Obviously, utopia doesn't scale, so most political discussions unfortunately, revolve around questions of ownership and wealth inequality; plus there's the important point about people who steal from the UK, by not paying their taxes and moving their money offshore.

As for revolution; that's just foolish. We need political reform: proportional representation and preferential voting. We need to abolish wealthy donors buying peerages from political parties. In fact, I'm in favour of abolishing political parties altogether. We need very low caps on how much money you can spend on political campaigning.

I'm less of a Marxist/Stalinist/Leninist/Maoist/Trotskyist than you think (well, maybe the latter a little bit) and I'm most concerned with the staggering amount of wealth that's hidden in tax havens, and tax that's avoided using accounting scams like Vodafone and their ilk. I'm also concerned by CEOs and politicians who don't "eat their own dog food" - if you run a bank, you should keep all your money in a bank account with the bank you run (hint, hint, Stuart Gulliver) and if you're a Member of Parliament, you should send your kids to state school and have regular NHS healthcare: no private options for those who seek to govern.

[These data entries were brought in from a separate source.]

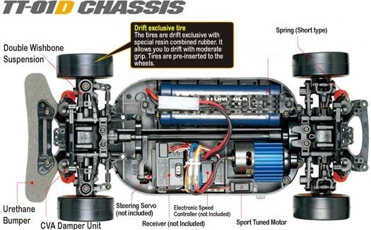 - TT-01D drift-spec modifications include drift tires, adjustable suspension tuning, full ball bearings, sport- tuned motor, aluminum heat sink, CVA mini shock dampers and short springs.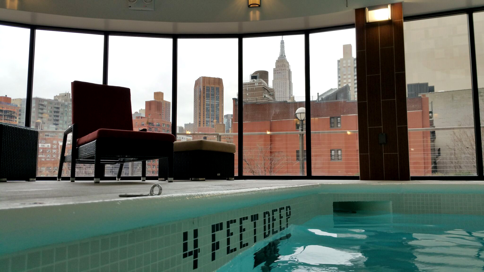 le corinthien (mais il n’est évidemment pas le seul à manhattan) a ceci d’agréable, entre autres choses, qu’il propose à ses habitants un « complexe » sportif au 4e étage comprenant une piste de jogging qui fait le tour de l’immeuble (plus confortable, pour ceux qui joggent, que dans les rues), une salle de fitness/musculation plutôt bien équipée, un solarium extérieur et une piscine avec petit coin jacuzzi. une idée bienvenue quand on a passé la journée à crapahuter dans la grande pomme (et dieu sait si on en fait, des kils!). vive le luxe. surmontée d’une verrière d’où l’on peut voir un morceau de building s’élancer vers des cieux pas toujours cléments, on peut, à l’inverse, voir s’il y a du monde qui barbote depuis le 39e étage. pratique. et en plus, depuis le bassin, on voit le copain (dans la langage giamarchiste, il y a beaucoup de copains à new york. en l’occurrence, il s’agit de l’empire state; un autre est le pont de brooklyn; un troisième est le parachute drop à coney island; un quatrième est le little red lighthouse, sous le pont george washington). pour tous ces moments privilégiés de détente, merci md :O)!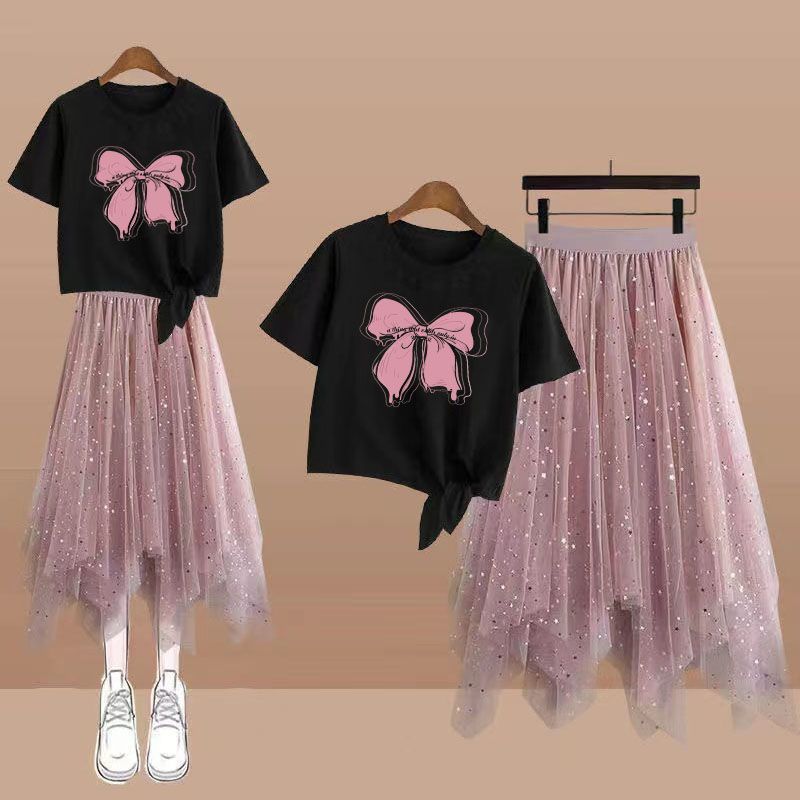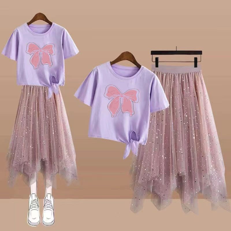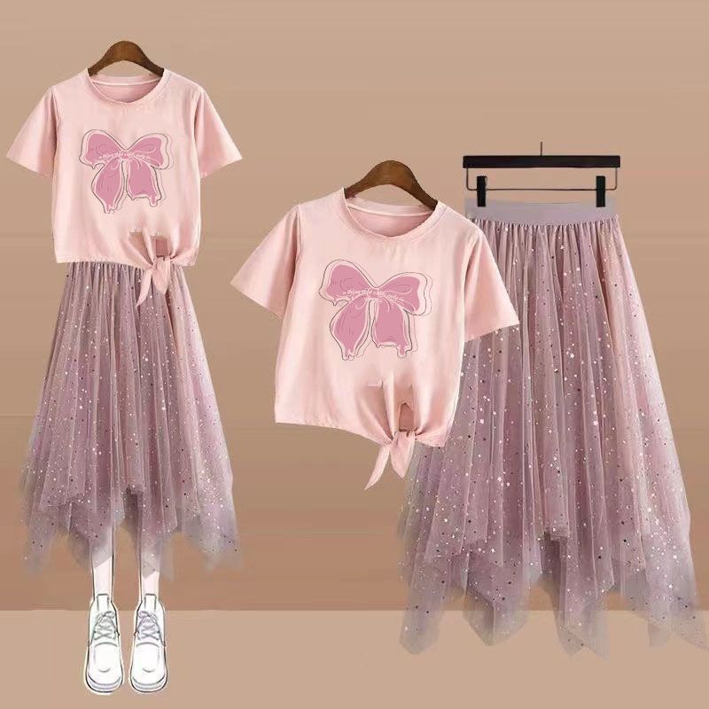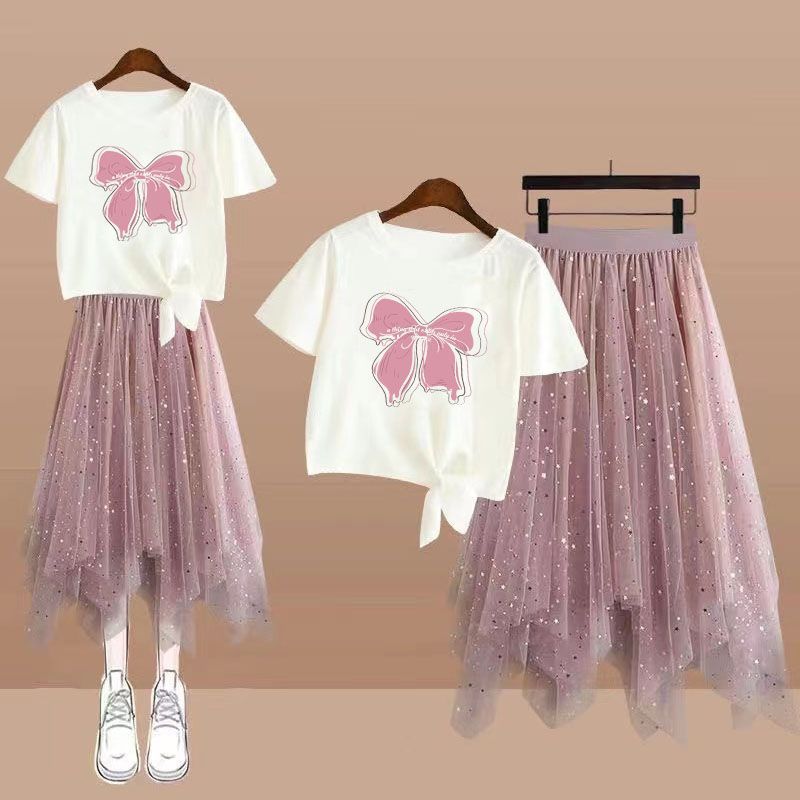 | nameOriginal | Summer Korean 12-year-old fifth grade primary school junior high school students 15-year-old girl irregular mid-length skirt two-piece set |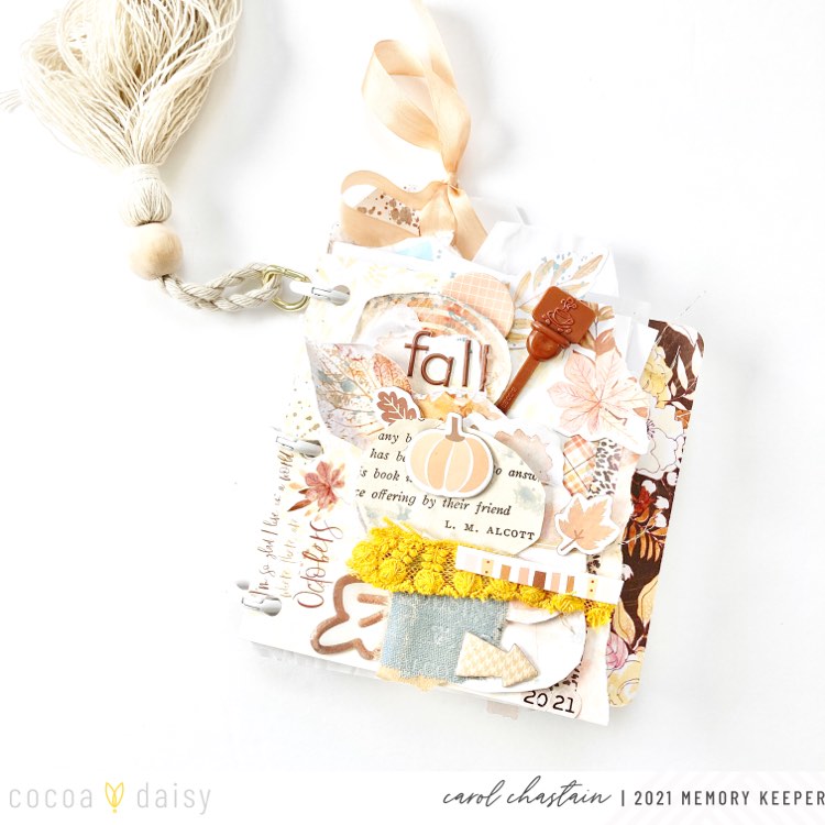 “The white rings found in the Umber & Gold Modern Memory Keeping Kit screamed mini album to me! For lots of texture and interaction, I used this kit and the Umber & Gold Traveler’s Notebook Memory Keeping Kit to include a variety of elements including pocket cards, adhesive pockets, tags, papers, chipboard and die cuts. This chunky mini-book was used to document a week in my life and I love how it turned out. Check out the video below to see me flip through this little cutie!”

There isn't really an -ist that describes me, nor can I be pigeon holed as left, right or centre. My views and opinions are influenced by some ideas, but to say that I think that there's some autocrat, political party or ideology that works perfectly, is quite wrong. The world is a messy place, and there are plenty of people who'd like to poop your party just to show you up, even if you ever conceived the perfect system for society to conform to.

Summing up what I want from our society: social justice, income spread of no more than 100% from the lowest paid to the best paid, state-owned monopolies on essentials like health, energy, transport, education and housing, investment in science and technology, investment in massive infrastructure projects that are a source of national pride, minimum income (as opposed to full employment), 100% inheritance tax and your house/apartment reverts to state ownership after death, beefed up Competition and Markets Authority with a mandate to attack any area that has become a significant part of ordinary people's monthly expenditure, halve spending on defence and spend that budget on the UK Space Agency, decriminalise all drugs, regulate and tax sales of Cannabis for medicinal use, drug law enforcement budget to be spent on addiction treatment and education instead, the creation of a state-owned national investment bank and laws to restrict the use of financial instruments, make charging interest illegal.

That's quite a lot, isn't it? Implementing it all would be a pigging pain without treading on a lot of toes; hence the boat idea.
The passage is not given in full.